Whenever we write, whether we admit it or not, we want to know what people -- could be your editor, could be your source, could be your reader, or any/all of them -- want to think about what we wrote. I started thinking about that this afternoon after I dug around in a couple of notebooks I've used whenever I've gone to a writing seminar and came across some interesting thoughts from Jan Winburn, the great editor formerly with the Baltimore Sun and more recently the Atlanta Journal-Constitution (though I'm not sure she's still there).

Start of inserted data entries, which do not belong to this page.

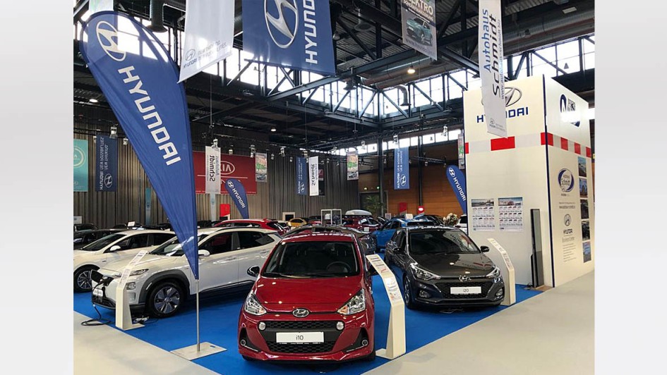 von 28: Das Autohaus Schmid, Freiburg präsentierte die komplette Hyundai-Offerte, vom kleinen Stadtflitzer bis zum großen SUV. Die neue Generation des i10 stand im Vordergrund. Man beachte den kompakten City-SUV Kona Hybrid.
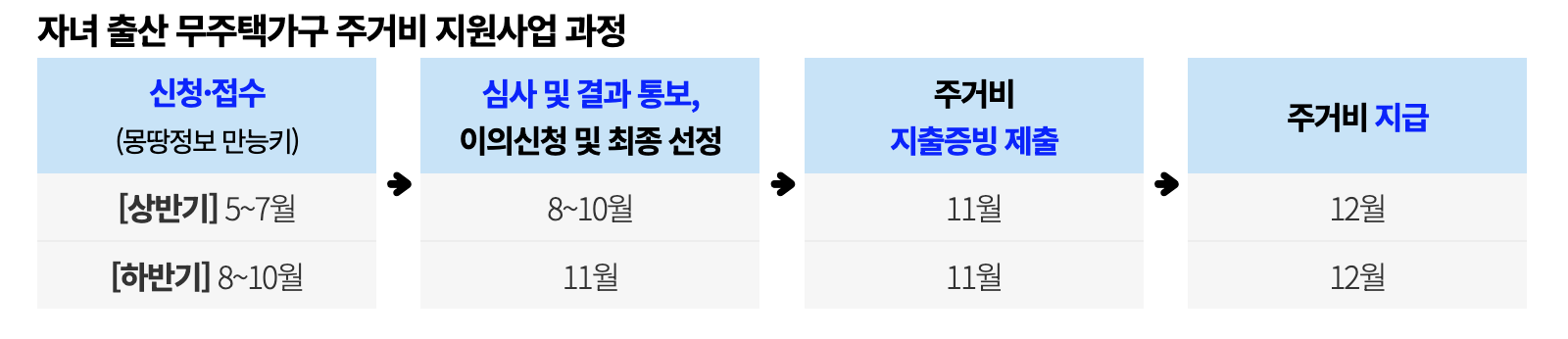 상반기 접수자는 10월, 하반기 접수자는 11월에 결과가 발표되며, 증빙 확인이 완료된 대상자에게는 12월 중 주거비가 지급됩니다.
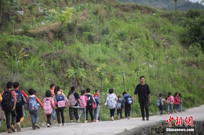 資料圖:一名“90后”鄉(xiāng)村教師組織學(xué)生排隊(duì)上下學(xué)。 中新社記者 瞿宏倫 攝

At the '99 Nieman narrative writing conference, she talked about a couple of serial narratives the Sun had done. One was on a woman who survived two bouts with cancer and the death of a child, before her illness progressed and she had six months to live. The story was about how she wanted her baby to know who her mom was. Reaction for the first couple days was negative, then turned more positive as the series went on.
And she talked about Ken Fuson's piece on the high schoolers putting on "West Side Story" -- which remains one of the most enjoyable pieces of nonfiction I've ever read -- and she said that the reaction to that was pretty much the same: some negative, some positive.
I'm not saying that's a universal response to narratives, but when readers respond like that, why do you think that is? Do you have stories about reaction like that to a piece you did? What did people like or not like about your piece? How do you deal with negative reaction to a story you believe in?